Giving a Dam: A Day of Stewardship and Engagement Restoring Floodplains by Mimicking Beavers
By Andrea Malmberg
On a lovely day in Oregon’s high desert, as summer was melting into fall, I was fortunate to attend a workshop that brought together land stewards (ranch owners, managers, children, and organization/agency folk) at the working ranch of the Hatfield Hyde Land Trust. Becky and Taylor Hyde’s eastern Oregon ranch exemplifies regenerative land management: a working operation where ecological health, agricultural productivity, and the nurturing of a quality of life within their family go hand in hand. I’ve known Becky for years, meeting her when we were in our twenties, and she was advocating for regenerative agriculture before the term existed. Over the last year and a half, I have had the honor to work with Taylor’s extended family through an UVE engagement. Taylor and Becky’s openness to experimentation, willingness to host hands-on learning in the field, and genuine care for soil, water, plants, animals, and place set a powerful tone for the day.
Tony crossing Twin Creek on a beaver dam
My late husband, Tony, first despised the beaver like most ranchers in the West do. Practical management challenges as a rancher in Wyoming's sagebrush steppe inspired him, and made him an advocate for beavers. In his book “Green Grass in the Spring,” he shares how these engineers re-activate floodplains, improve meadow systems, enhance forage and habitat, increase biodiversity, and reverse desertification in grasslands. While many of the policies and actions of ‘The Beaver State’ in the past generally do not respect the ecosystem services these animals provide, beaver‐inspired restoration methods that we learned at the Hatfield Hyde Land Trust draw on the wisdom of the natural engineering of beaver systems. The strategic installation of Beaver Dam Analogs (BDAs) creates self-sustaining flows of water, vegetation, and life. The hope is that when we begin to re-pair these meadows and floodplains, trees and shrubs will return. With this habitat, beavers will come in, thus slowing the water cycle and keeping moisture in the soil rather than in the atmosphere.

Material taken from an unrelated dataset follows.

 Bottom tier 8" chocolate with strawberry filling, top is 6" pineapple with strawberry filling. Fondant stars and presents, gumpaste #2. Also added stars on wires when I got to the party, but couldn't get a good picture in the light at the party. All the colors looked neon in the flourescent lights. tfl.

The workshop spotlighted the approach known as “low-tech, process-based restoration” (LT-PBR), which emphasizes process over form rather than relying on heavy engineering structures. In the context of floodplain and riverscape restoration, leaders and our field day guides, Gus Wathen and Chris Jordan, have advanced this method of working with natural system dynamics.

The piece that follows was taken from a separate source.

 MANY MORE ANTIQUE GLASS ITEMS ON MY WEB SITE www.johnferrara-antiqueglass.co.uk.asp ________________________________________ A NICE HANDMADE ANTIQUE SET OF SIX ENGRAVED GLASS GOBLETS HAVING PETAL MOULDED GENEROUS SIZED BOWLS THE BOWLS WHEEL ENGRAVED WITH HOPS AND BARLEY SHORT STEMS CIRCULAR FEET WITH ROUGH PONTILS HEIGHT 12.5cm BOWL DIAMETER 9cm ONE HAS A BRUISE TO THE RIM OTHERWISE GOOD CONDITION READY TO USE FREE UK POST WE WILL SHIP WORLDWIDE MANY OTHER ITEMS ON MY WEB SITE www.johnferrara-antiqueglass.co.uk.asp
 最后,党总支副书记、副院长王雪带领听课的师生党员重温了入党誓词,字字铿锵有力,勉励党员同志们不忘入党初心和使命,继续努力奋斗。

Over the last seven years, I have been involved with trying to restore the floodplains of two highly modified creeks on our ranch in Northeastern Oregon. While all well-intentioned, the approach of our agency partners to restore rivers for endangered salmon has been highly engineered, with a heavy dose of skepticism about whether livestock can actually enhance the health of riparian areas. Learning from Gus and Chris, I saw that LT-PBR is rooted in the values of holistic, regenerative thinking:
Addressing the root cause: Rather than only reshaping a channel, LT-PBR asks why a floodplain is disconnected (e.g., incision, vegetation loss, beaver absence, roads, and other structures) and intervenes at that process level.

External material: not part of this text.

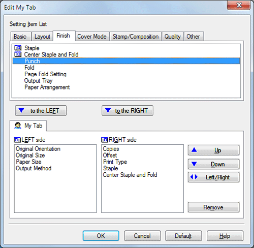 Cliquez sur [vers la GAUCHE] placer la fonction sélectionnée sur le côté gauche de [My Tab] et cliquer sur [vers la DROITE] la place sur le côté droit de [My Tab].

Scaling the problem: LT-PBR recognizes that streams and floodplains operate at the upland, valley, and floodplain scales, and that structure placement is designed accordingly.
Consistent with site: Solutions vary by valley bottom, hydrology, vegetation, and beaver presence. LT-PBR emphasizes context over one-size-fits-all.
Clearly articulated ecological outcomes: The goal is not a static “engineered look” but a dynamic, self-sustaining, resilient system that considers dynamic system function, self-sustaining mechanisms (i.e., enabling beaver, wood recruitment, floodplain reconnection), and resiliency to disturbances (drought, flood, climate change).
Function over Form: The emphasis shifts from what the structure looks like (form) to what it does (function: reconnecting water, raising water tables, enhancing riparian vegetation, supporting forage).
By hosting the workshop on Becky and Taylor’s ranch, the field day illustrated how we all can engage meaningfully in process-based restoration:
People making empowered decisions at the soil surface provide real-place context—working ranchlands where livestock, vegetation, floodplain dynamics, and management interface.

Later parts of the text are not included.